On Jul 8, 2014, at 8:18 AM, Elliot Barlas <Elliot.Barlas at citrix.com> wrote:

> JDK and JVM options:
> 
> $ /usr/java/jdk1.7.0_51/bin/java -version
> java version "1.7.0_51"
> Java(TM) SE Runtime Environment (build 1.7.0_51-b13)
> Java HotSpot(TM) 64-Bit Server VM (build 24.51-b03, mixed mode)
> 
> -Xms2048m
> -Xmx2048m
> -XX:PermSize=256m
> -XX:MaxPermSize=256m
> -XX:+UseConcMarkSweepGC
> -XX:+PrintClassHistogram
> -XX:+DisableExplicitGC
> -XX:+PrintGCDateStamps
> -XX:+PrintGCDetails
> -XX:+PrintTenuringDistribution
> -XX:+HeapDumpOnOutOfMemoryError
> -XX:HeapDumpPath=<logs dir>
> -Xloggc:<log path>
> 
> From: Kirk Pepperdine [kirk at kodewerk.com]
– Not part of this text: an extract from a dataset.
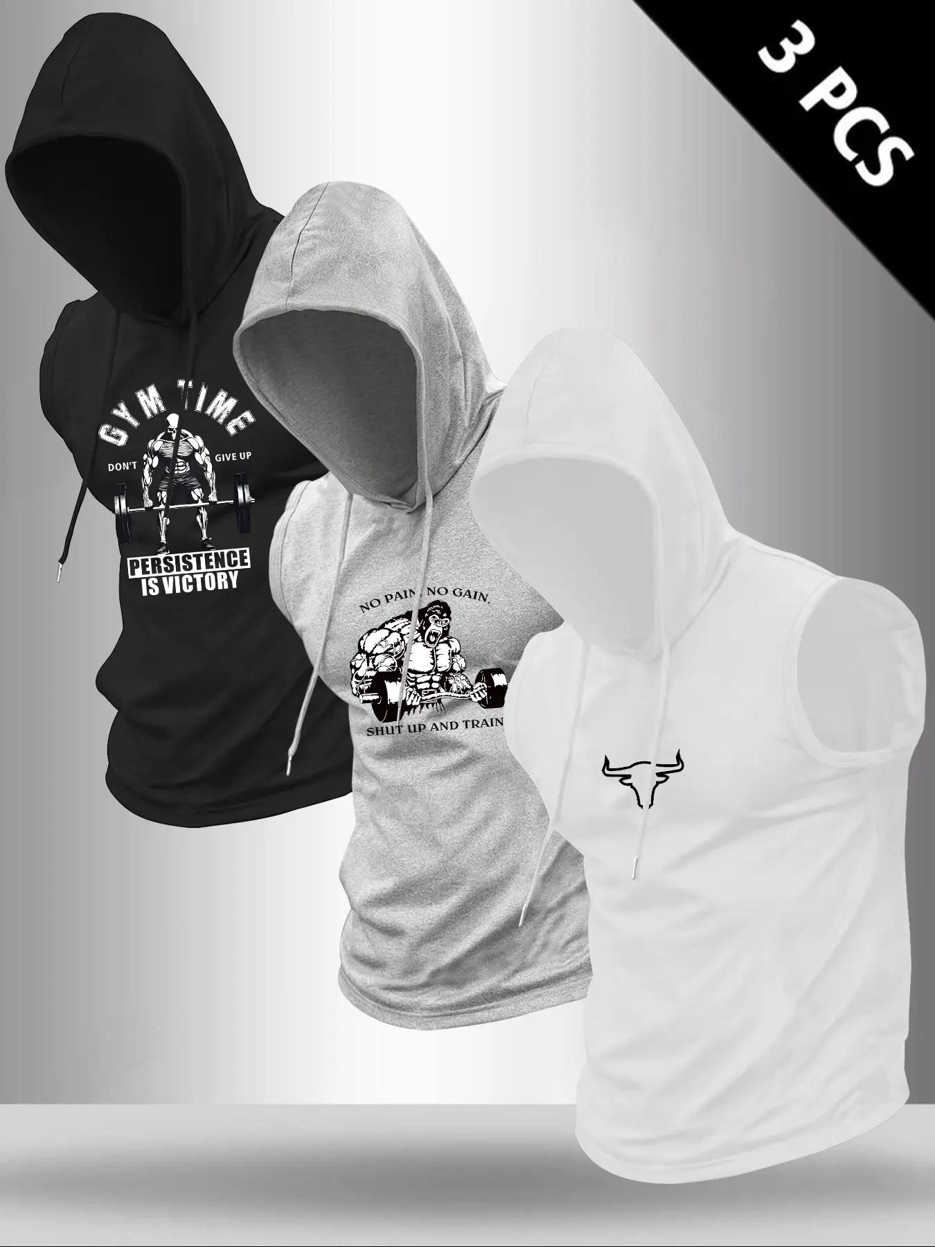 5. Men's 3-Piece Set Letter Print Hooded Sleeveless T-Shirt, Casual Comfortable Summer Outdoor Fitness Vest, Fitted Style

> Sent: Monday, July 07, 2014 11:13 PM
> To: Srinivas Ramakrishna
> Cc: Elliot Barlas; hotspot-gc-dev at openjdk.java.net openjdk.java.net
> Subject: Re: Continuous CMS Collections Followed By Concurrent Mode Failure
> 
> Hi Ramki and Elliot,
> 
> That was actually my guess. There is only 1 perm record in the file and although it shows that perm is grossly over-sized (ok, there is only one record ;-)) all of the recovery comes from the CMF which suggests perm is involved. All of the other CMS cycles are clearly due to tenured never being below the initiating occupancy fraction. Even without a young collection the initial marks are constantly reporting an occupancy of >1920xxxK of 1929xxxK. Oddly enough the ParNew’s only once promoted enough to trip the concurrent mode failure and oddly enough each of the CMS cycles (without the intervening ParNew) seem to recover about 1xxK bytes per cycle.
> 
> 2014-06-10T22:56:18.793-0700: 4999527.565: [GC [1 CMS-initial-mark: 1920286K(1926784K)] 2051254K(2080128K), 0.3388330 secs] [Times: user=0.33 sys=0.00, real=0.33 secs] 
> …...
> 2014-06-10T22:56:26.242-0700: 4999535.014: [GC2014-06-10T22:56:26.242-0700: 4999535.014: [ParNew2014-06-10T22:56:26.256-0700: 4999535.028: [CMS-concurrent-abortable-preclean: 1.948/3.114 secs] [Times: user=1.93 sys=0.12, real=3.11 secs] 
>  (promotion failed)
> Desired survivor size 8716288 bytes, new threshold 6 (max 6)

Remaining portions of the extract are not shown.